Assim, a oração constitui-se como condição do surgimento do
Reino. Nela, Jesus encontra a motivação para a ação em prol do Reino e a força
para se libertar da tentação da popularidade fácil e centrar, de novo, a sua atenção
em Deus e nos seus projetos. O encontro a sós com Deus não é alienação, nem fuga
dos problemas do mundo, mas um momento de encontro com Deus e com o seu
desígnio, e o ponto de partida para o compromisso com a transformação do mundo.
O encontro pessoal com Deus significa uma paragem na atividade para tomada de
consciência do que Deus quer e do compromisso que Deus pede aos seus enviados.

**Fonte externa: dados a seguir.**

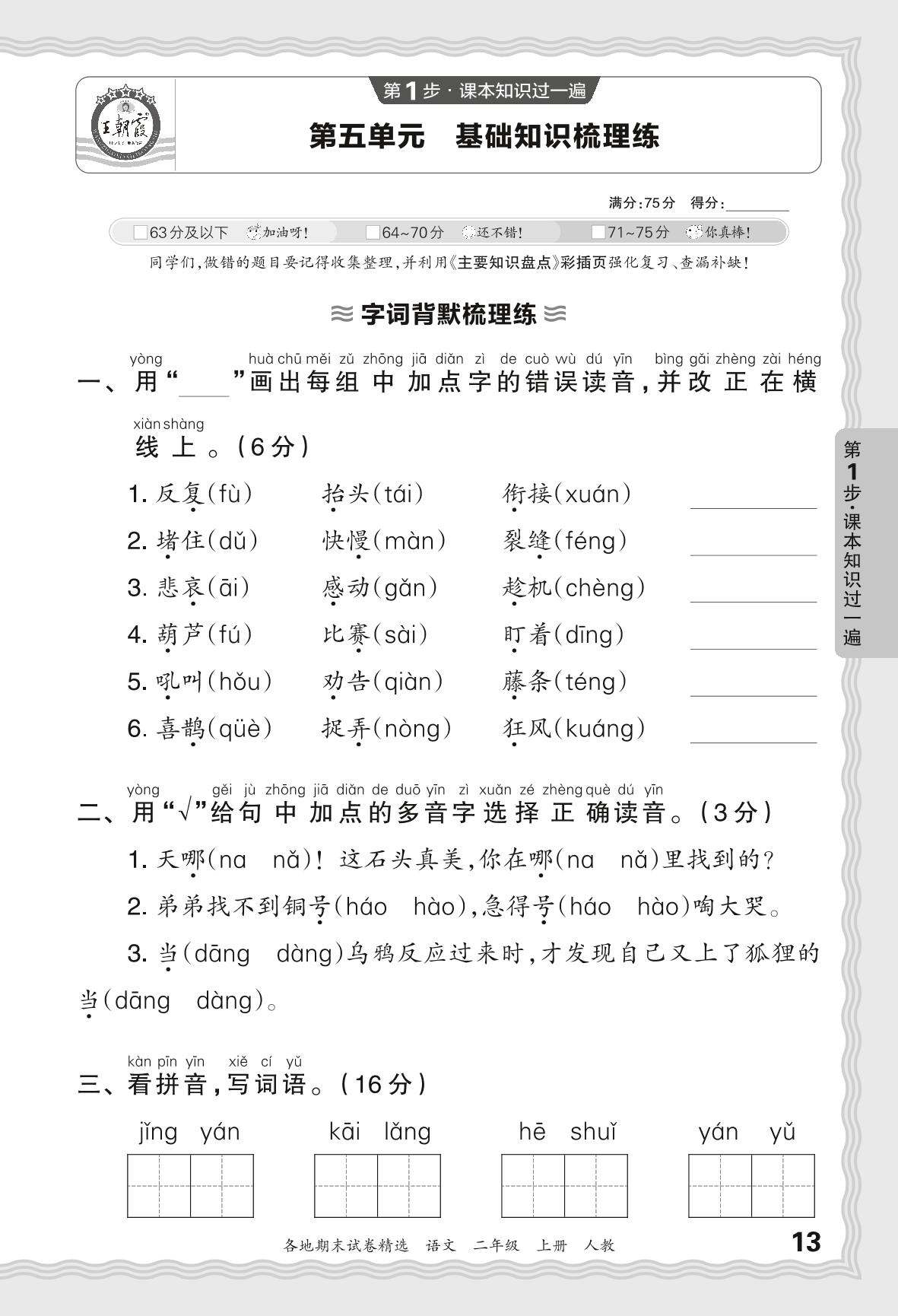 2023秋上册二年级语文人教版 期末过课本JX版·第五单元 基础知识梳理练

O trecho termina com um resumo a explicitar o sentido do
ministério de Jesus: do encontro com o Pai brota a vontade renovada de
concretizar o projeto de Deus e de atuar no meio dos homens para lhes oferecer
a libertação e a vida. Por isso, ao reencontrar os discípulos, dispõe-se a
palmilhar “toda a Galileia, pregando nas
sinagogas e expulsando os demónios” (Mc 7,39).
Aqui, os milagres de Jesus ocupam um espaço significativo. É
preciso vê-los não como gestos espetaculares, destinados a impressionar as
multidões, mas como sinais do Reino, gestos que anunciam a irrupção do mundo
novo, sem exclusão, sofrimento ou maldição, onde todos (e em especial os pobres e
marginalizados) têm a
oportunidade de serem felizes. Anunciam que Deus quer criar um mundo novo, onde
não há impuros, proscritos ou condenados; e anunciam uma nova era, de homens
novos, que vivem a plenitude da vida e da felicidade. É isso que Jesus veio
fazer e é essa a missão que os discípulos de Jesus procuram concretizar na
terra.
***
Por e ao
modo de Jesus, cai sobre Paulo a graça e a missão de evangelizar (1Cor
9,16-23). Não o faz por sua iniciativa ou
gosto, mas por necessidade (“anagkê”)
imposta de fora (“epíkeitai”), de Deus, contra quem não vale a pena lutar (At 26,14). A vida nova de Paulo assenta na derrota sofrida (“katelêmphthen”) no caminho de Damasco. Sem esse desequilíbrio para o
Evangelho, para Cristo, a sua vida começaria a arruinar-se, como indica a
“fórmula de desgraça”, iniciada pela interjeição “ai” (“ouaí”): “Ai de mim se
não evangelizar!”. Porém, sobressai a devotação de Paulo a todos: “tudo para todos”, “por causa do Evangelho”. Belo modelo do Evangelizador!